城墙根下,幸存的士兵们——人数远比杨保禄预想的要少,不过七八十人,且大多带伤,面容憔悴——正在军官的呵斥下有气无力地整顿武器,修复破损的皮甲,或者干脆靠着墙根抓紧时间打盹。他们的装备参差不齐,锁甲锈蚀,武器陈旧,与昨日那些“海盗”中的精锐相比都显寒酸,更不用说和盛京的护卫相比。林登霍夫家族的虚弱,在这战后的清晨,暴露得淋漓尽致。
杨保禄心中暗叹。这就是一场小型边境冲突后最真实的景象:生命的消逝、财产的损毁、生产力的短暂瘫痪,以及笼罩在每个人心头、不知下一次袭击何时会来的恐惧。伯爵所说的“规矩”,其代价就由这些面容麻木的普通人,和那些再也不会醒来的士兵承担着。
他找到了正在内庭指挥仆人清点所剩无几的粮食和箭矢的艾图尔。“艾图尔爵士,”杨保禄说道,“我们的船队——乔治的商船,还在下游河湾附近等待。能否派人指引他们到安全的码头靠岸?他们船上有些货物,或许能补充一些镇子急需的物资,比如盐、铁钉、还有伤药。”
艾图尔眼睛一亮,疲惫的脸上露出感激:“当然!这是雪中送炭。我立刻安排可靠的向导去接引。”他顿了顿,有些惭愧地补充,“只是……镇里恐怕拿不出太多现钱或等价物交换。”
“以物易物即可,或者记账。”杨保禄理解地点头。乔治叔叔精明的很,知道在这种情况下怎么做生意最有利长远。
午后,乔治的船队小心翼翼地在指引下靠上了残破的码头。老商人下船后,先是被镇子的惨状惊得咂舌,听完杨保禄简略的叙述后,更是用看怪物般的眼神上下打量了他好几遍,最终只是重重拍了拍他的肩膀,什么也没说,便迅速进入了商人角色。他带来的粗盐、廉价但结实的亚麻布、一些铁制工具和少量真正的药膏(而非本地巫医的奇怪混合物),立刻成了紧俏货。交易在码头区迅速展开,用所剩不多的存粮、一些皮毛、甚至承诺未来用木材或猎物抵偿,镇民们换取着急需的物资,死气沉沉的码头也恢复了一丝生机。乔治的船员们也得以补充了淡水,并在相对安全的城堡外围获得了休整。

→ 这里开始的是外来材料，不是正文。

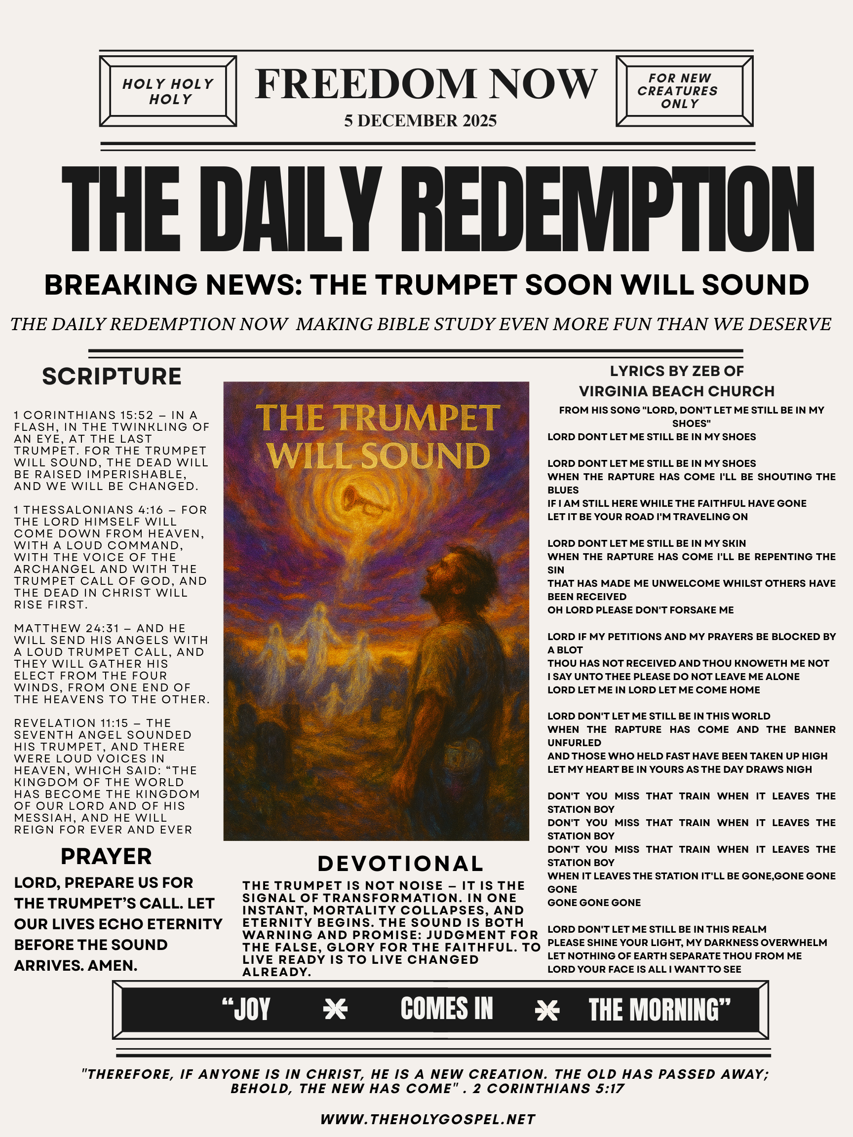 Holy Holy Holy. We welcome you to The Daily Redemption publication for December 5, 2025. Today’s headline: The Trumpet Will Sound — 1 Corinthians 15:52

杨保禄和杨石锁等人没有参与具体的贸易,他们在城堡和码头之间走动,既是一种无言的威慑,防止俘虏乌尔里希手下可能还有的不安分份子或镇子里趁乱打劫的宵小,也借此更深入地观察。他们看到了人们在灾难面前的坚韧与麻木,也看到了资源匮乏导致的微小冲突和无奈妥协。
两天时间在紧张的修整和缓慢的恢复中过去。城堡的防御被勉强加固,新的哨兵被派上墙头,周围的村庄也被通知了危险暂时解除,开始有零星的农夫返回。被囚禁在塔楼地牢里的乌尔里希变得沉默,但偶尔瞥向杨保禄的眼神依旧阴冷。菲尔斯滕贝格家族尚未有消息传来,赎金和后续的麻烦仍是悬在头顶的利剑,但那已不是杨保禄需要直接面对的问题了。
第三天清晨,杨保禄觉得是时候离开了。林登霍夫家族需要时间舔舐伤口,重建权威,而他自己的旅程才刚刚开始。
他在城堡大厅向赫尔曼伯爵辞行。老伯爵的气色比前两天稍好,但眉宇间的沉重和疲惫依旧。“你这就要走了吗,年轻人?”伯爵的语气有些不舍,但他明白对方没有义务一直留在这里充当守护神。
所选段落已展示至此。